Antimikrobiyel sabun ve temizleyiciler hastalıklara karşı korumuyor, aksine uzun vadede daha fazla zarar veriyor.
Sabunlarda, diş macunlarında ve günlük ev temizliğinde aşırı kullanılan antibakteriyel kimyasallar, reklamı yapıldığı gibi zararlı bakterileri tam olarak durdurmaz.
Bu sentetik bakterisitlerin, zararlı bakterilerin mutasyona uğramasına ve daha dirençli olma özelliği kazanmalarına neden olduğu ve daha bulaşıcı hale getirdiğine ilişkin yeni çalışmalar yapılmaktadır. Triklosan, triklokarban ve diğer 19 bakteri öldürücü içeren antibakteriyel sabunlar, mikropları öldürmek için işe yaramaz; çünkü bu kimyasallar, bulaşıcı bakterilerin yeni özellikler kazanmalarını sağlar ve aslında yaşamlarını imkansız hale getirmez.

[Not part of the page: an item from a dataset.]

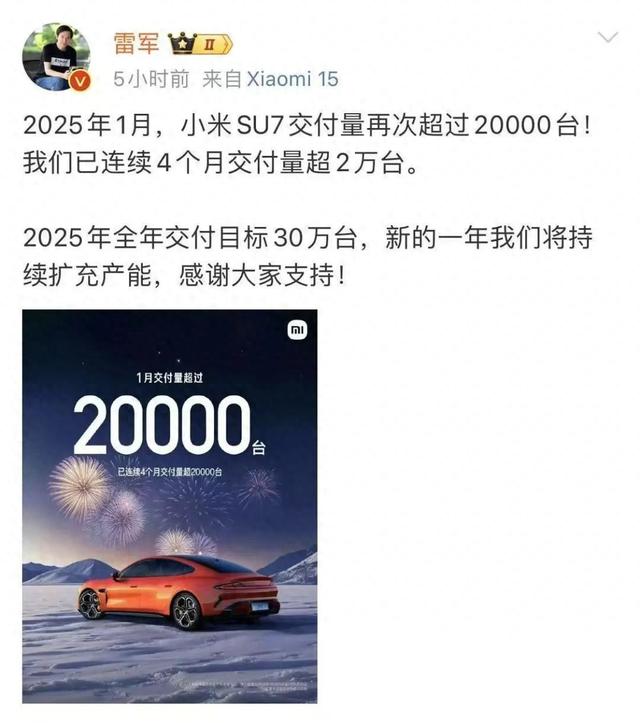 小米汽车晓示,2025年1月,小米SU7录用量再次普及20000台。当今已联结4个月录用量超2万,2025年全年录用见识30万台。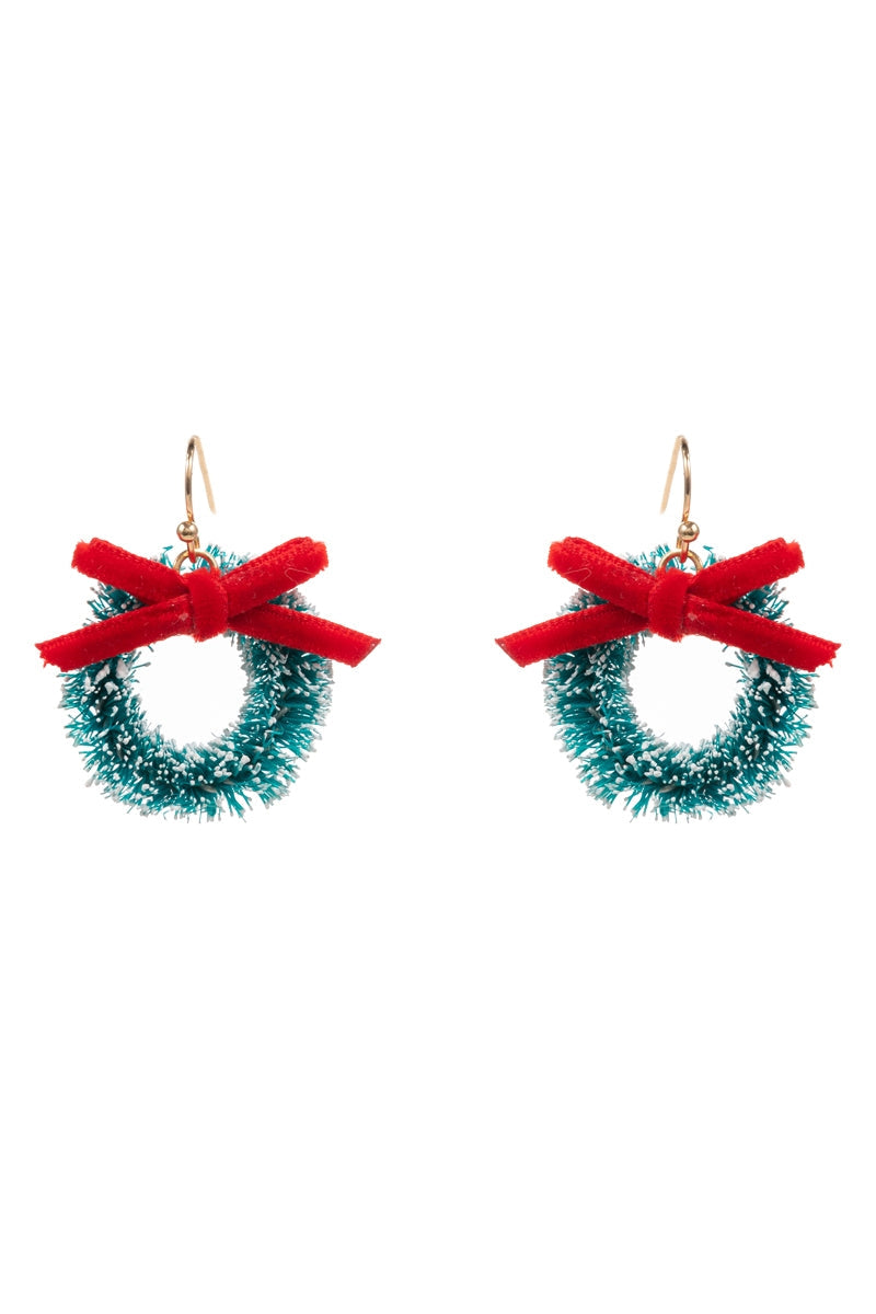 Christmas Wreath with Ribbon Hook Earrings Jewelry

Üstelik antibakteriyel kimyasallar bakterileri insanlara karşı silahlandırma ve dolayısıyla da enfeksiyöz hastalıkların insanlarda halihazırda bozulmuş, yetersiz beslenmiş hücresel ortamlara yayılmasını teşvik etmektedir. Triklosan ve antibakteriyel kimyasallar ciddi hormon bozulmasına neden olur. Özellikle de hamile kadınların hormonlarını bozabilir ve önemli gelişim aşamalarında bebeklere zarar da verebilir.
Vücuttaki triklosan alter hormon aktivitesi gibi, çocuğun gelişimini, kadınların adet döngüsünü ve annenin kaliteli anne sütü üretmesini de olumsuz etkiler. Hormonun bozulması doğum kusurlarına, düşüklere ve kansere bile yol açabilir. Triklosan, UV radyasyonu ve klorlu suda çözündüğünde, doğum kusurlarına ve kansere neden olan toksik dioksin bileşiklerini oluşturur.
Vücut temizliği için saf sabun ve sıcak su aslında bizim için yeterlidir. Yine de yetinemiyorsanız doğal içerikli marka ve malzemeleri tercih ederek hem kendi sağlığınız, hem de çevre için doğru bir seçim yapabilirsiniz. Mis gibi kokmak istiyorsanız bakteri direncine neden olmayan doğal uçucu yağları kullanabilirsiniz.
Ev temizliğinde ise sirke, karbonat, arap sabunu gibi doğal tercihler hem işinizi görmeye yeter, hem de kendi sağlığınız ve çevre açısından daha masumdur. Hasta olmadan sağlığımızın değerini bilmeli, hasta olmamak için doğal yöntemlere dönmeliyiz.